What’s the latency, Kenneth?[1]

While IOPS are a good measure of how much random I/O the system can do, how fast any given application runs is going to be more affected by how long it takes to process each individual request. Take the latency: IOPS are like passenger miles per hour, IOPS like elapsed time to get from point A to point B. To get 400 passenger miles per hour, you can put 2 people in a Lamborghini Gallardo and drive 200 miles an hour or put eight people in a minivan and drive 50mph. The folks in the Gallardo will, of course, arrive several hours before the minivan.

Many applications will only provide reasonable performance when storage latency is above some threshold. Microsoft’s Jetstress load generator, which emulates Exchange using Exchange’s Jet database engine, will fail a test if latency ever exceeds 20ms. My Oracle DBA friends tell me that users will typically start to complain when latency exceeds 5-10ms.

When a vendor presents you with an IOPS performance figure you should be asking what the corresponding latency is. We’ve started to see that in the all-flash array space, where vendor claims have started being 1 million IOPS at 1ms latency. In fact, 1ms is sort of a magic number, as that level of latency is unachievable with spinning disks. Even better is to have IOPS numbers for a given system at multiple levels of latency: 1 million IOPS at 1ms, 2 million at 5ms, and 2.2 million at 20ms.

The dataset size matters

While most of the serious results I’ve been reviewing do specify the IO size and read/write mix from their testing, the critical item that’s missing from most reports is the size of the dataset that’s being used. All but the lowest end of today’s storage systems have at least some flash that’s used as a cache or tier of storage.

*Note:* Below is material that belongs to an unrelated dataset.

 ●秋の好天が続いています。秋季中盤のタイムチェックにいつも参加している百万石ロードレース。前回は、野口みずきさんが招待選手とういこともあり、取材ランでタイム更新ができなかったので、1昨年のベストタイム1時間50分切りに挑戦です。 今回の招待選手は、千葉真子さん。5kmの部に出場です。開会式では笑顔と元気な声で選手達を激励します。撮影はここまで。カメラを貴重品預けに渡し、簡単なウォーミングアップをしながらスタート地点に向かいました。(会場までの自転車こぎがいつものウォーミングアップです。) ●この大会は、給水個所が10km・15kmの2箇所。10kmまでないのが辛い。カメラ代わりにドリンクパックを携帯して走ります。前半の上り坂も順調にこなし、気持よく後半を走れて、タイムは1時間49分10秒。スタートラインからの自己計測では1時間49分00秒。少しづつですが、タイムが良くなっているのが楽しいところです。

If the test set is smaller than the flash component of the solution, the benchmark is going to see flash performance. Users, however, don’t buy a 10TB storage array with 1TB of flash to store 1TB of data. Their active data is somewhere between a quarter to half the total capacity of the system or two- to five- times the size of the flash.

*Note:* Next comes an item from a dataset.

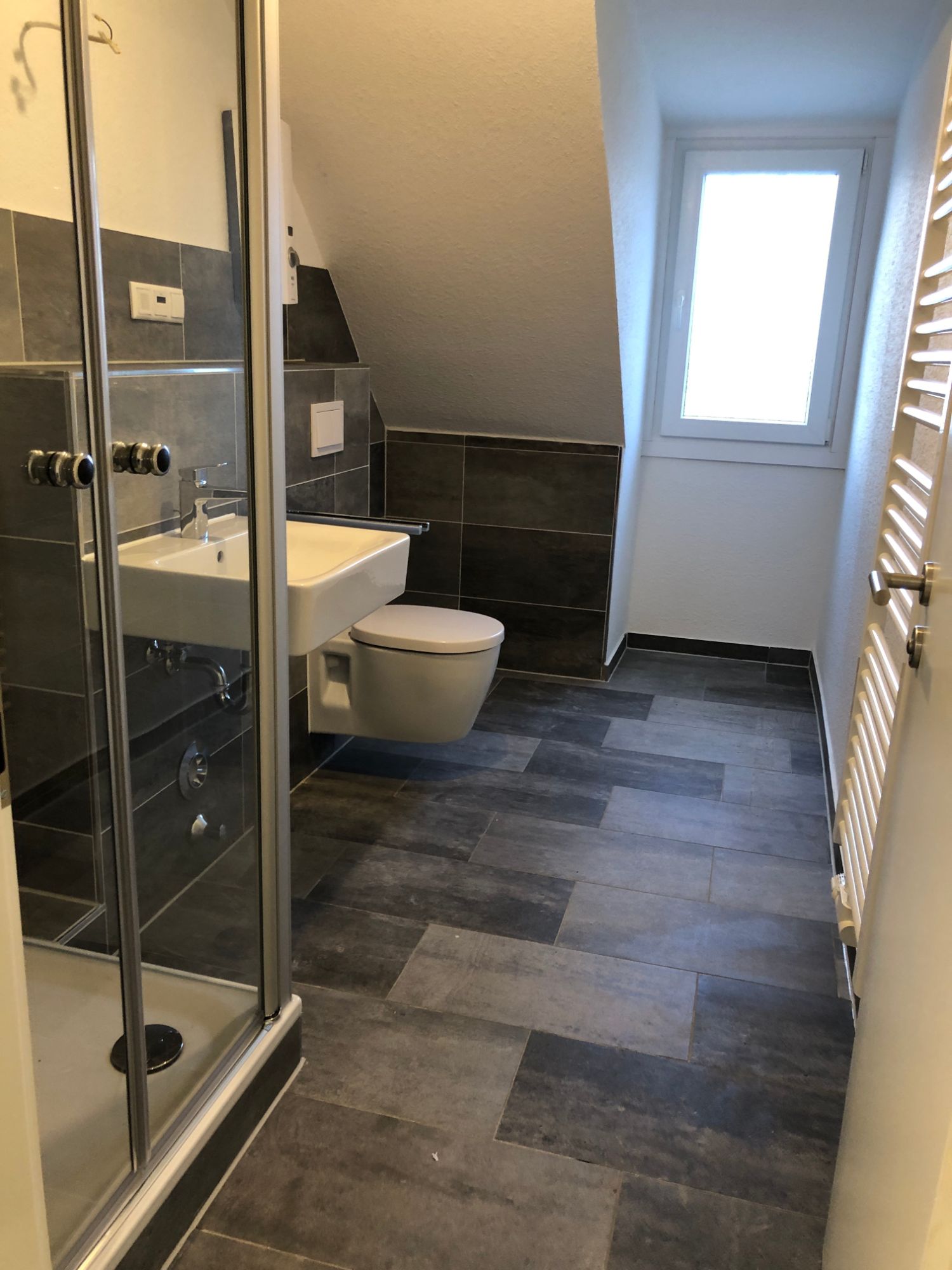 - moderne Wand- und Bodenfliesen (Format 30x60cm) im Bad

Back in the ’00s, when we were testing storage systems with spinning disks, we, the storage brain trust at NetworkComputing—basically Don Macvitte, Steven Schuchart and this humble reporter—settled on a dataset size of 100GB for our testing. Our thought was that since even a relatively high-end storage array of the era, like an EMC Clariion, had just 32GB of NVRAM cache, a 100GB test set would ensure we were measuring the performance of the underlying storage, not just cache performance. If I used 100GB datasets on today’s storage, they would perform much better in the test lab than in the real world.

Really, correcting for this problem will require a new generation of benchmarks that, like real applications, create hotspots of very active data. While we wait for these to develop, users should at least demand that the performance numbers show latency and the dataset size in addition to a detailed description of what kind of IOPS were used to test the system.

[1] Refers to an incident in New York City in 1986, when two then-unknown assailants attacked journalist Dan Rather while repeating “Kenneth, what is the frequency?”

  • michael stump

    Great write-up. But now that R.E.M. song is stuck in my head. So, thanks.